You may think that you do not have too much control in reducing air pollution, there are several things we can do to impact your immediate environment, reduce exposure and change the way large industries pollute the air around us.
Each time you use the heat or air conditioning, drive your car or style your hair, we are making choices that affect the quality of the air around us and our neighbors, so:
- Conserve energy at home by turning off lights, computers and digital equipment when not in use.
- Use energy-efficient light bulbs and appliances.
- Limit the amount of driving by carpooling, biking or walking. Condense errands to one trip.
- Keep your car well maintained to reduce emissions and avoid excessive idling.
- Keep your tires properly inflated to use less gas.
- Don’t buy more cars than you need. Four-wheel drive, engine size, vehicle size and tire size all contribute to the amount of gas you burn with each trip.
- Convert your wood-burning fireplace to Nat Gas or Propane.
- Use a programmable thermostat at home.
- Use electric or hand-powered lawn equipment.
- Run home appliances, such as dishwasher, washing machine and dryer only when full.
- Ask your energy supplier for a home audit to learn how you can reduce your energy usage and save on your energy bill too.
- Use water-saving devices in your garden; collect rainwater for plants and grow low-water plants.
- Compost yard waste instead of burning it; eliminate burning leaves, wood and garbage.
- Use compost to reduce weeds and maintain moisture in your garden.

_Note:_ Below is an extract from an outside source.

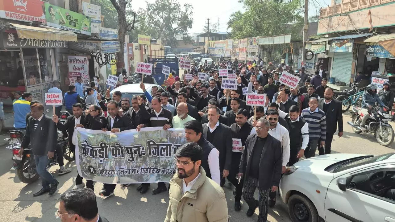 बार अध्यक्ष सीताराम कुमावत के नेतृत्व में अधिवक्ताओं ने कचहरी परिसर से डीजे के साथ रैली की शुरुआत की। रैली शहर के प्रमुख मार्गों से होती हुई उपखंड कार्यालय पहुंची। रैली के दौरान अधिवक्ताओं ने नारेबाजी कर जिला समाप्त किए जाने के निर्णय पर रोष जताया और इसे केकड़ी क्षेत्र के विकास के साथ अन्याय बताया।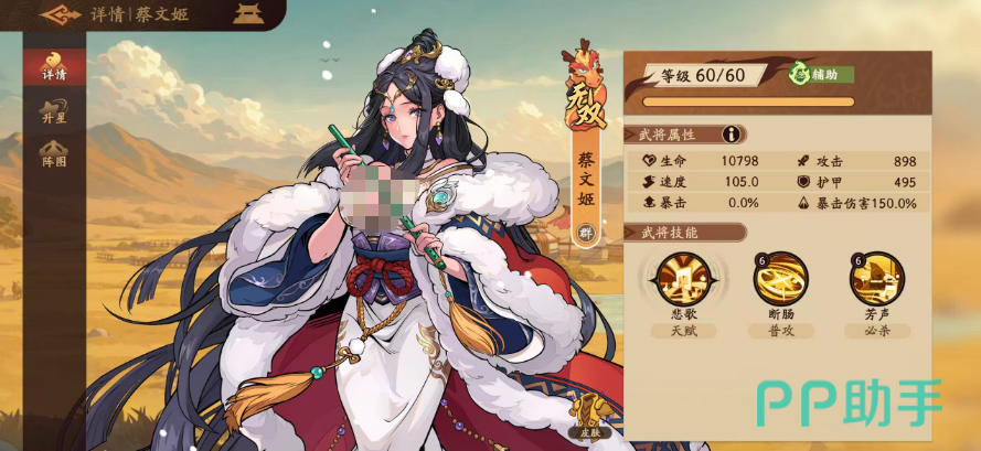 同时这样的搭配大家不管是去玩boss战,还是去普通副本当中用,其实这个阵容都是可以的,大家就要注意这里在不同位置上面用角色的时候,他们自身定位的能力一定是不能出差错的,蔡文姬用自身群体拉条能力大家用的时候一定要注意,增益跟减益都是并行的,所以一定不能乱用,她在锦囊效果当中要带的就是五谷丰登,还有无中生有这两个技能目前在能力上面都会比较符合她的能力效果,而在属性选择上面,大家就要注意她的速度属性是要放在第一位的,目前在团队当中需要的速度属性要求比较高的情况下,她的优先提升顺序也是放在第一位的,毕竟是放在这里核心位置上面使用的,所以她的速度影响到整体阵容强度的时候,就一定要快速提升起来,另外在生命防御效果上面是放在速度属性之后的。

- Use water solvent paints.
- Switch to environmentally safe cleaners for your home and garage to reduce volatile organic compounds released in your home.
- Recycle paper, plastic, glass, cardboard and aluminum cans to conserve energy.
- Lower your water heater thermostat to 120 degrees Fahrenheit.
- Be an advocate for emission reductions from power plants and strict national vehicle emission standards.
Few risks have a greater impact on global health today than air pollution, and the evidence points up the need for concerted action to clean up the air we all breathe.
Do your part, our lives depend on it.